**Given data**:
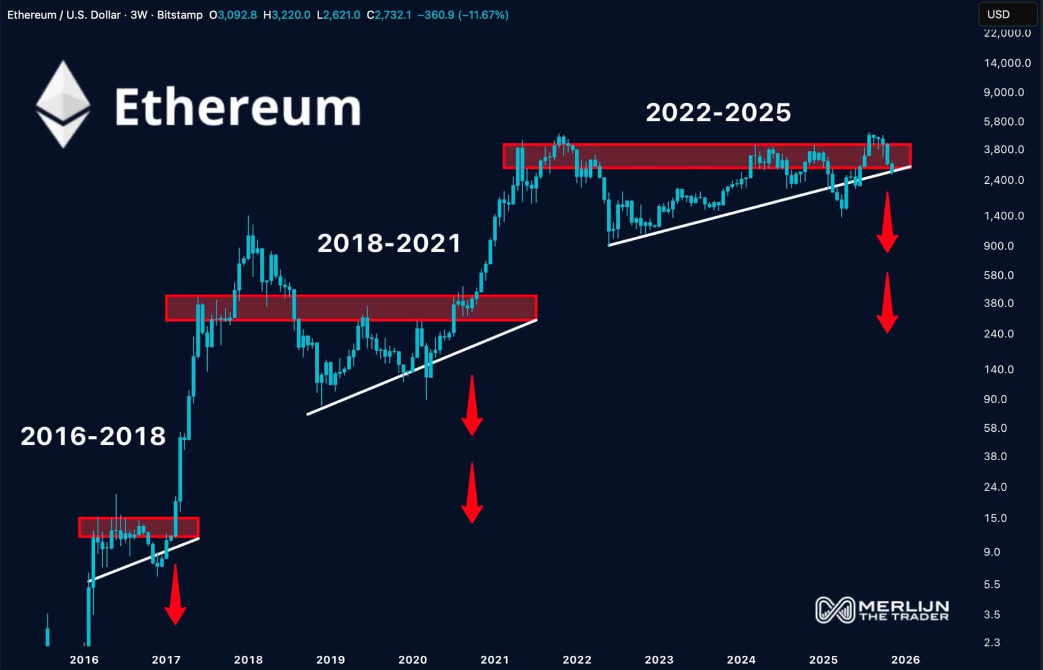 这一次,以太坊几乎没有下跌空间。从图表上看,ETH 目前正处于其最终的结构性底部,也就是支撑 2022 年至 2025 年整个价格区间的区域。
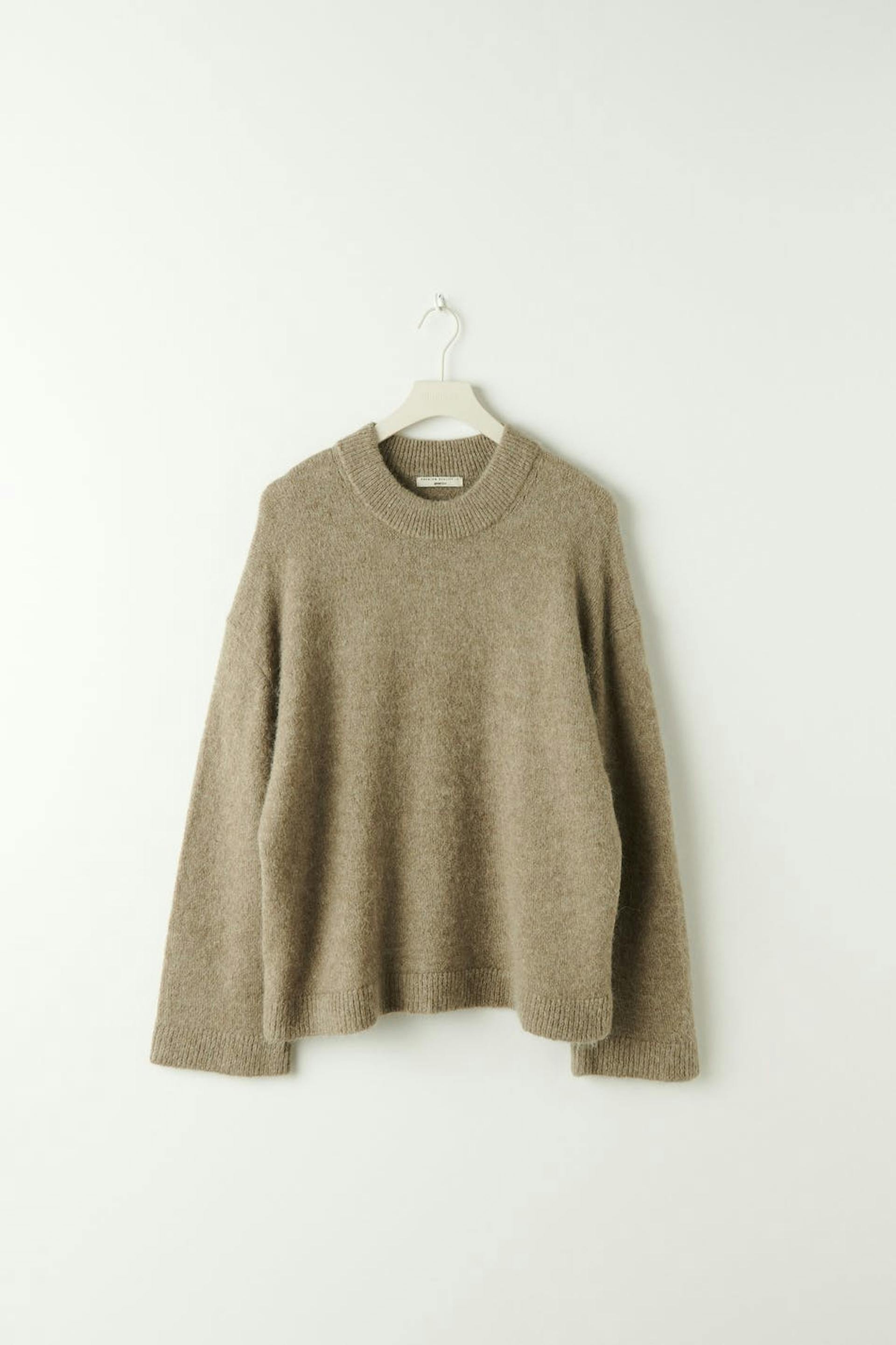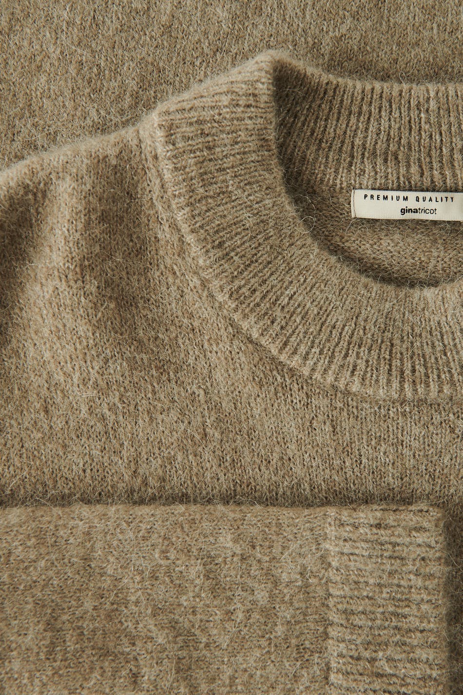 Soft knitted sweater with boxy fit. The sweat is beige and has dropped shoulders with a ribbed hem.
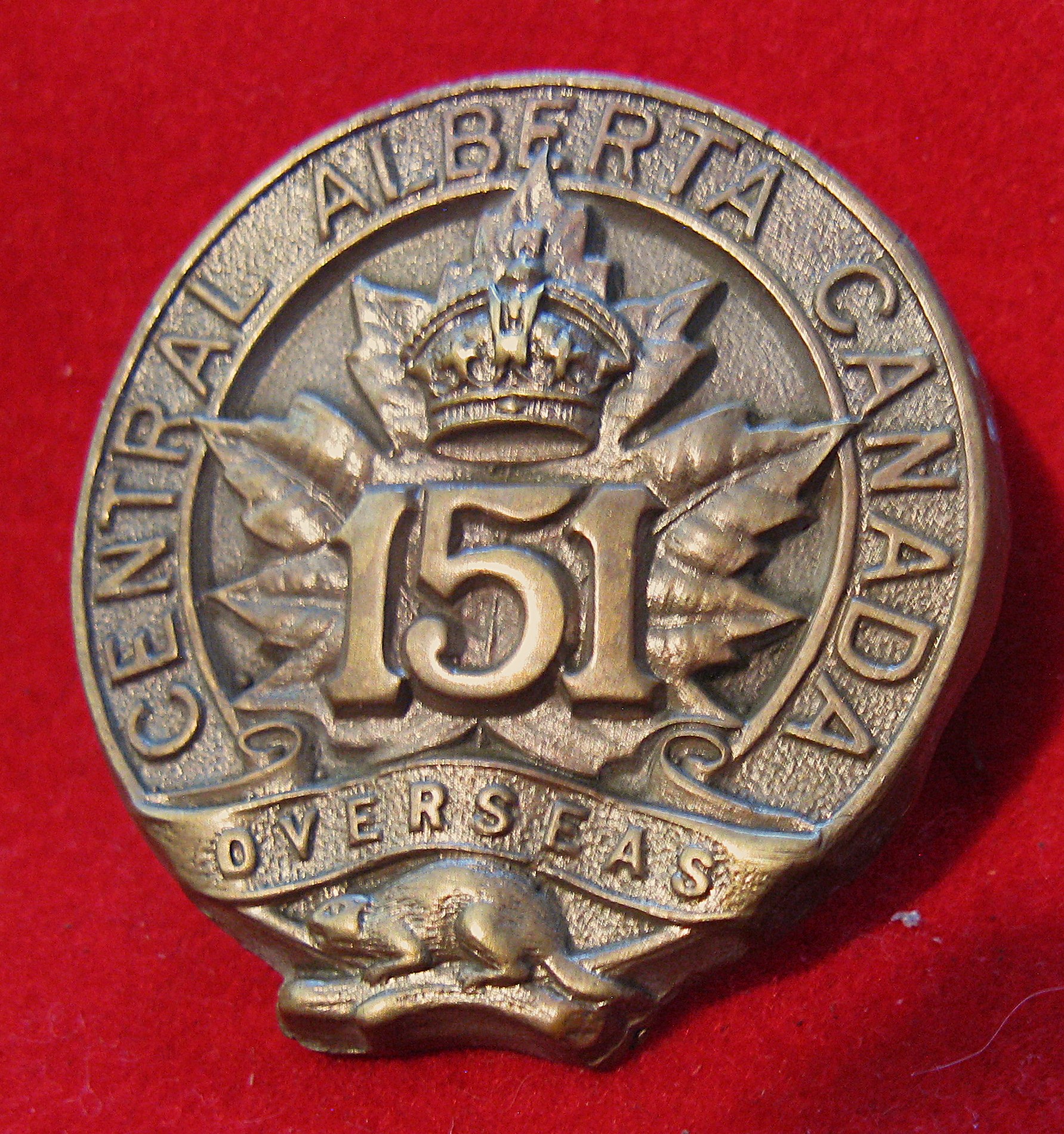 Set of 2 pcs. Made of brass with all original vertical lugs in good order. $49.00 | ![]() WW1 CEF 151st Batallion Cap Badge
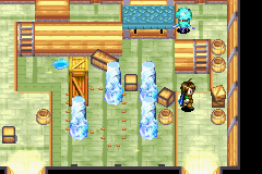All Aqua Jellies turn into puddles which can be turned into ice pillars with the Frost Psynergy, and a second Aqua Jelly below the first demonstrates that this will be used in solving puzzles; defeat it, freeze its puddle into a pillar, and hop left across the pillar to reach a chest containing a Potion. Proceed down the stairwell to the lower right, and enter a doorway in the hallway beyond that (incidentally, hallways like this that are not inhabited by Aqua Jellies are areas with random encounters against Conch Shells, which are only fought in these areas at this point in the game). The subsequent room has many Aqua Jellies visible amongst crates, but you cannot reach them for now, so exit out of the doorway to the lower right, and in the next hallway enter the doorway to the right.

**What you are asked to do**: Leave out the pictures, then repeat the listing above exactly from its first line to the line with "Soft knitted sweater", inclusive.

**Solution for this problem**:
 这一次,以太坊几乎没有下跌空间。从图表上看,ETH 目前正处于其最终的结构性底部,也就是支撑 2022 年至 2025 年整个价格区间的区域。
 Soft knitted sweater with boxy fit. The sweat is beige and has dropped shoulders with a ribbed hem.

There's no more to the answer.